In this study, the signal intensities (small peak) at the interface between luting and tooth, and that between luting and ceramic were stronger than other areas, causing brighter areas in the images, which could be used to indicate the boundaries of different materials. The refractive index of air is $n=1.0$, whereas the lithium disilicate glass ceramic had a refractive index of 1.55²⁸ and that of both the tooth and the resin composites are in the range of $n=(1.5,1.6)$.²⁹ When light traverses the interface through two different medium, it generates refraction as well as partial reflection. The Fresnel phenomenon is the reflection of a fraction of light at an interface between two media with different refractive indices, which depends on the incidence angle and refractive index ($n$) contrast.¹⁹ A higher OCT signal value at the boundary was seen depending on the optical properties of the substances involved. Interpretation of the OCT signal requires knowledge of the optical properties of the media involved, and that of the interactions of light within the specimens. The range of enamel crystal caused the attenuation of the light, with weaker signal intensity at the deeper regions in the teeth. In comparison, attenuation of the light through the ceramic was less due to good optical properties of the ceramic.
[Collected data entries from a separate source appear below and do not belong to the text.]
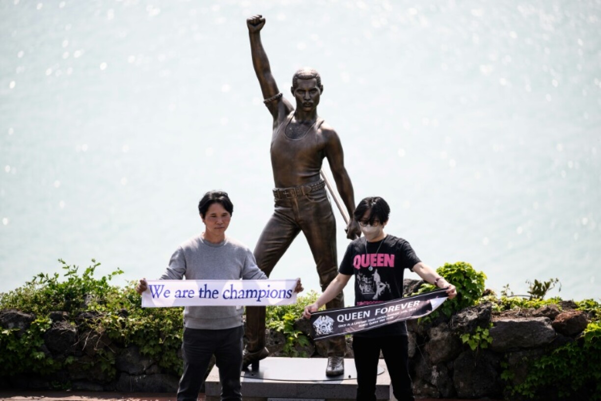 Datt de Freddie Mercury och knapp 31 Joer no sengem Dout nach ëmmer populär ass, beweist d’Tatsaach, datt op engem Bierg op der südkoreanescher Insel Jeju elo eng liewensgrouss Bronzestatue vun him ageweit gouf. Dat 177 Zentimeter héicht Konschtwierk weist de brittesche Sänger, wéi en déi riets Fauscht an d’Luucht streckt.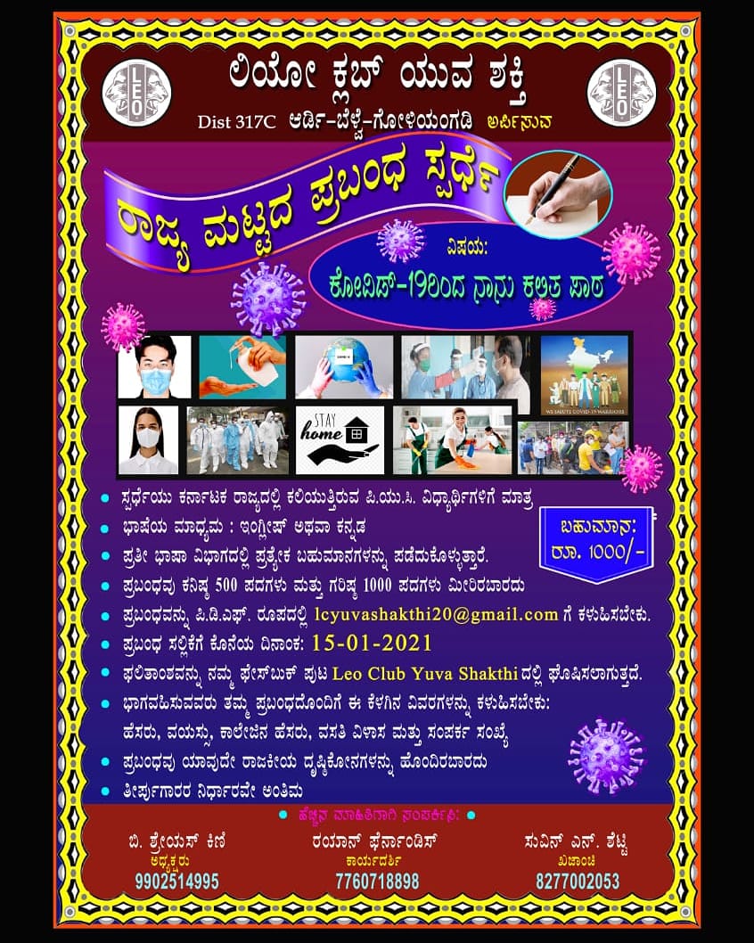 ಲಿಯೋ ಕ್ಲಬ್ ಯುವ ಶಕ್ತಿ Dist 317C ಆರ್ಡಿ-ಬೆಳ್ವೆ-ಗೋಳಿಯಂಗಡಿ ಅರ್ಪಿಸುವ ರಾಜ್ಯ ಮಟ್ಟದ ಕೋವಿಡ್ -19ರಿಂದ ನಾನು ಕಲಿತ ಪಾಠ (Lesson I learnt from covid -19) ಎಂಬ ವಿಷಯದ ಪ್ರಬಂಧ ಸ್ಪರ್ಧೆಯು ಕರ್ನಾಟಕ ರಾಜ್ಯದಲ್ಲಿ ಕಲಿಯುತ್ತಿರುವ ಪಿಯುಸಿ ವಿದ್ಯಾರ್ಥಿಗಳಿಗೆ ಮಾತ್ರವಾಗಿದೆ. ಕನ್ನಡ ಮತ್ತು ಇಂಗ್ಲಿಷ್ ಮಾಧ್ಯಮದಲ್ಲಿ ಇದ್ದು, ಪ್ರತಿ ಭಾಷಾ ವಿಭಾಗದಲ್ಲಿ ಎರಡು ಬಹುಮಾನಗಳಿವೆ, ತೀರ್ಪುಗಾರರ ನಿರ್ಧಾರ ಅಂತಿಮವಾಗಿರುತ್ತದೆ. ಪ್ರಬಂಧದಲ್ಲಿ ಕನಿಷ್ಠ 500 ಪದಗಳು ಮತ್ತು ಗರಿಷ್ಠ 1000 ಪದಗಳು ಇರಬೇಕು. ಪ್ರಬಂಧವನ್ನು ಪಿಡಿಎಫ್ ರೂಪದಲ್ಲಿ lcyuvashakthi20@gmail.com ಗೆ ಕಳುಹಿಸಬೇಕು.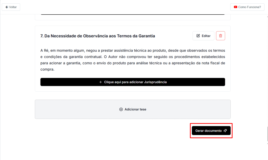- Após revisar as teses e jurisprudências, o usuário clica para gerar o documento.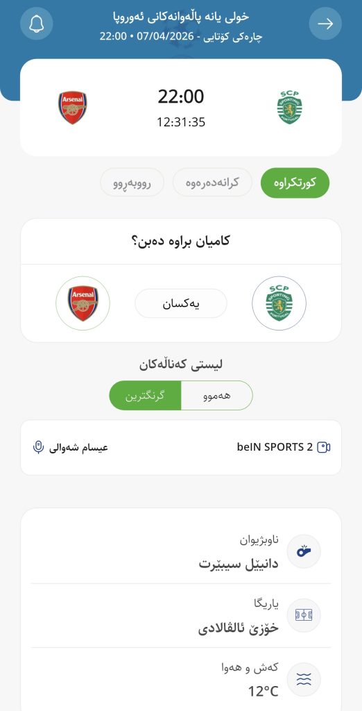 وابڕیارە ئەمڕۆ سێشەممە كاتژمێر 22:00 بەكاتی هەولێر سپۆرتینگ لە یاریگای خۆیدا میوانداری ئارسیناڵ بكات، لە میانی یارییەكانی قۆناخی چارەكی كۆتایی چامپیۆنزلیگ.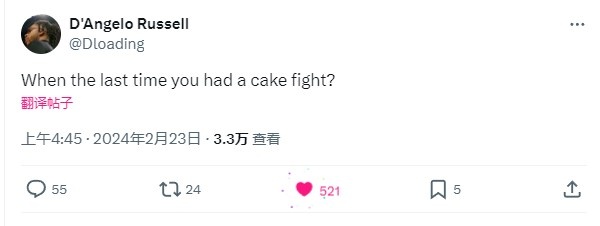 2月23日讯 今日是湖人球星拉塞尔的27岁生日,拉塞尔在社媒发问:“你们上次打蛋糕大战是什么时候?”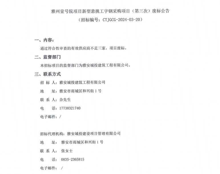 雅州壹號院項目新型懸挑工字鋼采購項目(第三次)廢標(biāo)公告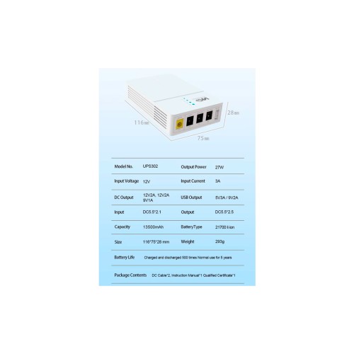 Пристрій безперебійного живлення RCI для роутера WGP 27W - це ідеальне рішення для забезпечення стабільної роботи вашого обладнання. Підтримує вхідну напругу 12В і оснащений вбудованою акумуляторною батареєю. Цей Mini-UPS розроблений для резервного живлення WiFi роутерів, IP-телефонів, камер відеоспостереження та іншого обладнання, яке потребує надійного джерела безперебійного живлення.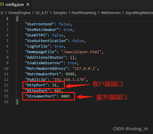 需要配置启动项,例:”-AudioMixer -PixelStreamingIP=localhost -PixelStreamingPort=8001”,PixelStreamingPort像素流端口需要跟第三步在config文件里的StreamerPort的端口一样,
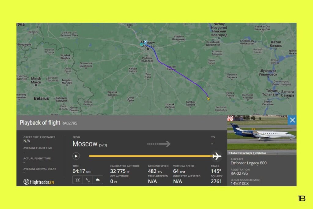 Согласно данным Flightradar, самолёт главы ЧВК вылетел из московского аэропорта Шереметьево в 6:37 (мск) и направился на юг. Сигнал борта пропал над посёлком Башмаково в Пензенской области. Спустя чуть больше часа сигнал вновь появился на 10 минут над Кумылженским районом Волгоградской области в сервисе Flightaware. В это время, судя по траектории полёта, бизнес-джет поворачивал в сторону города Миллерово в Ростовской области, где расположен военный аэродром — ближайший к прифронтовым территориям.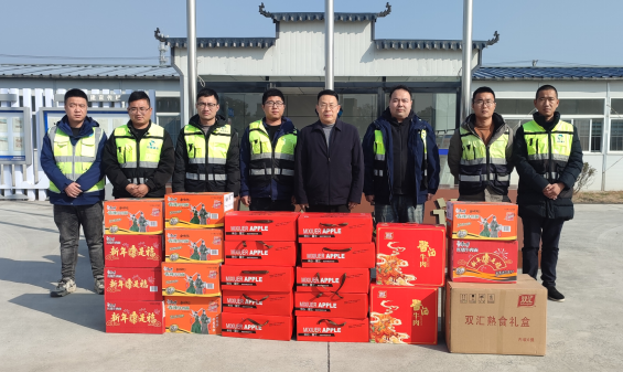 近日,新路集团党总支书记、董事长李超,党总支副书记、总经理崔传志等领导班子成员,分赴各施工项目,开展春节前走访慰问活动,为一线职工送去牛肉、火腿肠、方便面、苹果等新春慰问品和新春祝福。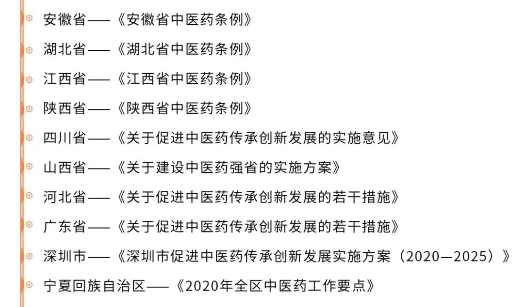 在《意见》的明确要求与指引下,各地政府纷纷响应中央的号召, 相继出台地方性政策加速推进中医药传承创新发展。
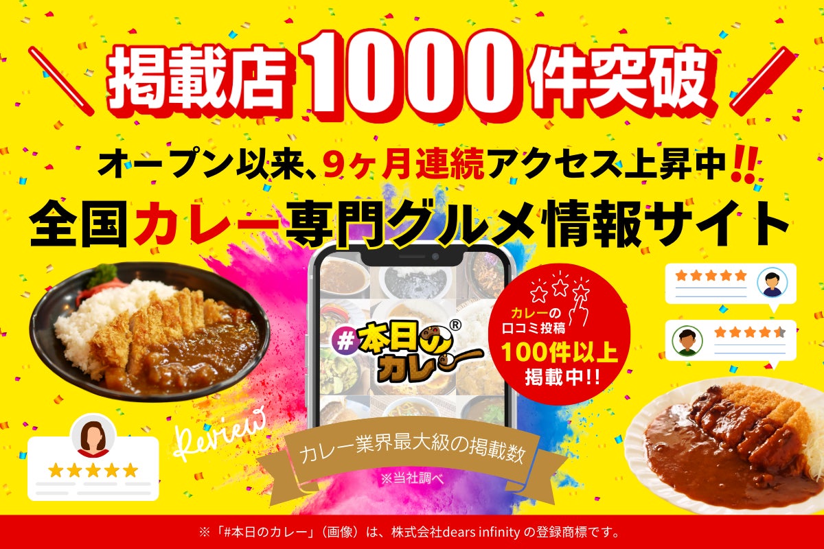 ウェブ広告や飲食店向け集客支援サービスを手掛ける 株式会社dears infinity(ディアズ・インフィニティ 所在地:大阪府枚方市)が運営する、全国カレー専門グルメ情報サイト「#本日のカレー」掲載店1,000件を突破しました。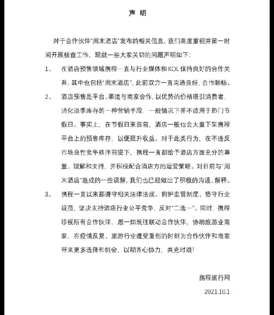 国庆节长假,在各地迎来旅游高峰同时,酒店预定平台“周末酒店”与携程却起了“二选一”纷争。 10月2日,针对携程“误解”的回应,周末酒店再发申明称,今年3月份以来,其合作酒店多次迫于携程压力下架在“周末酒店”上的合作产品,4月中就已向携程方面就封杀表达了不满,但未得到积极反应和致歉。截至发稿前,携程尚未进行第二轮回应。 周末酒店举报携程实施“二选一” 10月1日,国庆长假第一天,周末酒店举报携程实施“二选一”消息,登上了热搜。9月30日晚,周末酒店在全国12351平台举报携程“二选一”。 ![]() 周末酒店发出的举报信称,9月29日,“周末酒店”度假APP连续接到各大合作酒店通知下架发布于该平台上的产品要求。原因是酒店收到携程旅行网通知,要求与“周末酒店”度假APP有合作关系的酒店下架发布于该平台上的产品,否则将面临携程取消特牌、限流等处罚和限制。 “周末酒店近年一直备受来自携程的打压。尤其今年疫情得到控制、行业复苏之际,三月份、五一节前、国庆节前,酒店多次迫于携程压力下架与‘周末酒店’合作的产品。”周末酒店在举报信中称。 据周末酒店透露,截至9月30日19:00,其已收到五十多家酒店下架合作产品要求,导致在国庆假日高峰段无法正常售卖这些酒店的产品,预计直接损失近百万。 周末酒店表示,携程旅行网在无正当理由情况下,限制酒店供应商与其他平台合作的行为,是一种典型的利用大平台优势进行垄断,严重违反了《中华人民共和国反垄断法》第十七条“禁止有市场支配地位的经营者从事滥用市场支配地位的行为条例:没有正当理由,限定交易相对人只能与其进行交易或者只能与其指定的经营者进行交易。” 在举报信中,周末酒店提出三条要求,即要求携程旅行网停止要求酒店与“周末酒店”终止合作的行为;携程旅行网取消对与“周末酒店”有合作关系的酒店摘掉特牌、限流的限制规则以及酒店因该事件导致“周末酒店”被迫下架的产品重新上架。 ![]() 携程回应是“误解”反对“二选一” 在周末酒店发出举报信后,10月1日晚间,携程发布声明称,酒店预售是平台、渠道与商家合作,以优势的价格吸引消费者,消化淡季库存的一种营销手段,一般情况下并不适用于热门节假日。在节假日来临前,酒店一般也会大量下架携程平台上的预售库存,以便提升收益。 ![]() 针对周末酒店的实名举报行为,携程在声明中回应是“误解”,“对目前与‘周末酒店’造成的一些误解,携程已做出积极的沟通、解释。” 携程同时表示,支持酒店行业公平竞争,反对“二选一”。 ![]() 周末酒店不买账再发申明 针对携程给出的“误解”,周末酒店并不买账。10月2日,周末酒店再发申明,称今年3月以来,合作酒店已多次迫于携程压力下架在“周末酒店”上的合作产品,今年4月中就已向携程方面就封杀直接表达了不满和愤慨,但未得到积极反应和致歉。 ![]() 在申明中,周末酒店表示,今年3月到此次国庆节,相关酒店要求其下架产品的理由均被告知是应携程的要求,周末酒店掌握大量事实和证据。 周末酒店在申明中还透露,自9月30日晚举报后,携程相关人员一直联系,把封杀行为推到酒店自身运营行为,不仅没有就封杀行为回应其诉求,还不断施压要求撤回举报。 周末酒店认为,携程旅行网并非如他们自我标榜的一贯遵纪守法,之前恰恰屡见有关“携程或明或暗对同行封杀、胁迫酒店“2选1”,对消费者捆绑销售和大数据杀熟”的大量报道,再加上目前已有消费者就大数据杀熟对携程胜诉的案例。 他们表示,这次选择不再沉默和忍让,不再害怕事后打击报复,坚决反对和声讨这种不正当竞争行为,呼唤的只是市场的公平竞争,将会通过各种途径维护属于自己的合法权利。 ![]() 监管接连对平台经济“二选一”出重拳 周末酒店与携程的纷争,是“误解”还是“垄断”,有待监管部门的调查。 事实上,平台经济的“二选一”由来已久,近年来,时不时有平台被曝出“二选一”问题。 2021年以来,监管部门针对平台经济“二选一”问题接连祭出重拳:4月10日,国家市场监管总局对阿里巴巴垄断行为罚款182.28亿元;4月13日,国家市场监管总局会同有关部门召开互联网平台企业行政指导会,重申强迫实施“二选一”问题必须严肃整治;4月26日,国家市场监管总局对美团实施“二选一”等涉嫌垄断的行为立案调查;7月7日,国家市场监管总局发布《市场监管总局依法对互联网领域二十二起违法实施经营者集中案作出行政处罚决定》,涉及阿里、腾讯、苏宁等公司,对涉案企业分别处以50万元人民币罚款。 9月6日,国家市场监管总局局长张工在国新办新闻发布会上表示,针对社会反映强烈的头部平台企业“二选一”垄断行为,市场监管总局依法查处,强化重大典型案例警示震慑效应,顶格处罚45起平台企业未依法申报案件并向社会公布。 张工强调,下一步将进一步健全公平竞争法律制度体系,不断强化反垄断反不正当竞争监管执法,注重竞争监管与行业监管协同联动,着力构建全方位、多层次、立体化监管体系,坚决反对垄断和防止资本无序扩张,为包括平台企业在内的各类市场主体创造公平竞争市场环境。 |

The Fresnel reflection can be clearly observed at the interfacial areas of teeth and luting, and that of ceramic and luting. The surface reflection was significant in the ceramic. In contrast, the surface reflection was difficult to observe well at the tooth and luting due to rough surface. As the interface between the ceramic and the luting, and that between the luting and the tooth could be easily distinguished, the MG was then measurable.

MG was the most important factor used to evaluate the success of crowns. Fransson et al.³⁰ and McLean and von Fraunhofer³¹ indicated that the clinically acceptable MG after cementation should be $<150$ and $120\mu \mathrm{m}$, respectively. While others agreed that maximum clinically acceptable MG should be between 100 and $150\mu \mathrm{m}$ with CAD/CAM ceramic blocks fabricated.^32–34 The mean value of the MG of ceramic restorations was $56.1\mu \mathrm{m}$ in vivo studies.³⁵ Additionally, McLean and von Fraunhofer³¹ examined the MG of 1000 fixed restorations over a 5-year period and indicated that the MG $<80\mu \mathrm{m}$ was difficult to detect under clinical conditions. Anadioti et al.³⁶ found that the MG of E.max CAD was $74\pm 26\mu \mathrm{m}$ with a laser coordinate measurement machine before cementation. Neves et al.⁵ found that the MG of E.max CAD was $39.2\pm 8.7\mu \mathrm{m}$ with $\mu$-CT before cementation. In this study, the MG of E.max CAD was $59.55\pm 7.22\mu \mathrm{m}$ measured by OCT after cementation.

OCT technology was a good method to detect MG of lithium disilicate glass ceramic crowns. This technology was also potentially suitable to measure the MG with a noninvasive method in durability clinic studies. Because the crowns with chamfer had better adaptation than rounded shoulder before and after cement,³⁷ only the crowns with chamfer were used in our study. While imaging depth limitation for examination of deeper interfaces and device miniaturization, OCT was an innovation technology for various lab and clinical applications in the dental field.

5.

Conclusions

OCT was a noninvasive diagnostic imaging technique to measure the MG of lithium disilicate glass ceramic crowns. There was consistency between OCT and stereomicroscopy when measuring the MG of lithium disilicate glass ceramic crowns after cementation.